1. Go to your Control Panel and create two new DataStores one for each resulting math device (mpathc, mpathb). This will create an entry on the DB that we will use with the resulting uuid to create the DataStore Manually on the HV.
2. Once the DataStores have been created on the UI, login to the HV. We will next create the DataStores on the HV using the uuids.
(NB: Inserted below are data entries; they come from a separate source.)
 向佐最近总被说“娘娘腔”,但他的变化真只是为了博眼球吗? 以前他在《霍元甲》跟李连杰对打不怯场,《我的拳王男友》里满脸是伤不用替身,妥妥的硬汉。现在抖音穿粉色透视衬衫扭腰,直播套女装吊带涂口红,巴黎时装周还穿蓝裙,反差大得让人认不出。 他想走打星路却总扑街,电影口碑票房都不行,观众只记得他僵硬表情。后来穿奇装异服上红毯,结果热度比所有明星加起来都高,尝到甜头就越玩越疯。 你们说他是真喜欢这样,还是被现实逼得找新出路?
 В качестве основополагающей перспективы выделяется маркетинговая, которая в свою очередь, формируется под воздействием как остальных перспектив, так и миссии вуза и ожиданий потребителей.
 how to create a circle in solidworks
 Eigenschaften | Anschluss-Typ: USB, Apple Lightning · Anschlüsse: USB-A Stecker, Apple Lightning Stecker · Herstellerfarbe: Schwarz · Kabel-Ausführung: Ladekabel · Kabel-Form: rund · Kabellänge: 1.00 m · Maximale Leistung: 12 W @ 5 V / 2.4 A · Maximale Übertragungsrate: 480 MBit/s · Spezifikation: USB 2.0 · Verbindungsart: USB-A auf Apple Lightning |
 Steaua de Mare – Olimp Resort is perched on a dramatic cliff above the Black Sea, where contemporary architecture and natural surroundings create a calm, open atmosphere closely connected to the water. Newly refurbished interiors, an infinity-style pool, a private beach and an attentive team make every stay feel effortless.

ISCSI/FC data stores use LVM. Create the 2 physical volumes one for each DS:
pvcreate —metadatasize 50M /dev/mapper/mpathc
pvcreate —metadatesize 50M /dev/mapper/mpathb
3. Create the Volume groups using the uuids from the UI:
vgcreate onapp-usxck5bmj0vqrg /dev/mapper/mpathc
vgcreate onapp-m8fhwar2eenf04 /dev/mapper/mpathb
4. Check whether both data stores are available within the HVs:
onapp-test # pvscan
PV /dev/mapper/mpathc VG onapp-usxck5bmj0vqrg lvm2 [4.00 TiB / 650.90 GiB free]
PV /dev/mapper/mpathb VG onapp-m8fhwar2eenf04 lvm2 [4.00 TiB / 679.90 GiB free]
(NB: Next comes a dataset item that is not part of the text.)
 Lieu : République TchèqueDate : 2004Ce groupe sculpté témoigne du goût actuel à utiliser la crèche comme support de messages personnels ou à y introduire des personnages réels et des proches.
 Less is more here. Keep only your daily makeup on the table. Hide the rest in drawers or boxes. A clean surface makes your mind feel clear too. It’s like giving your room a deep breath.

PV /dev/sda2 VG vg_onaappkvm1 lvm2 [277.97 GiB / 27.97 GiB free]
Total: 3 [8.66 TiB] / in use: 4 [8.66 TiB] / in no VG: 0 [0 ]
5. Now in the OnApp UI, go to Settings, Hypervisor_Zones and click Manage DataStores. You should add the DataStores to the HV_Zone.
Now when you create a VM, a logical volume will be created on the DataStore chosen. That will be your VMdisk.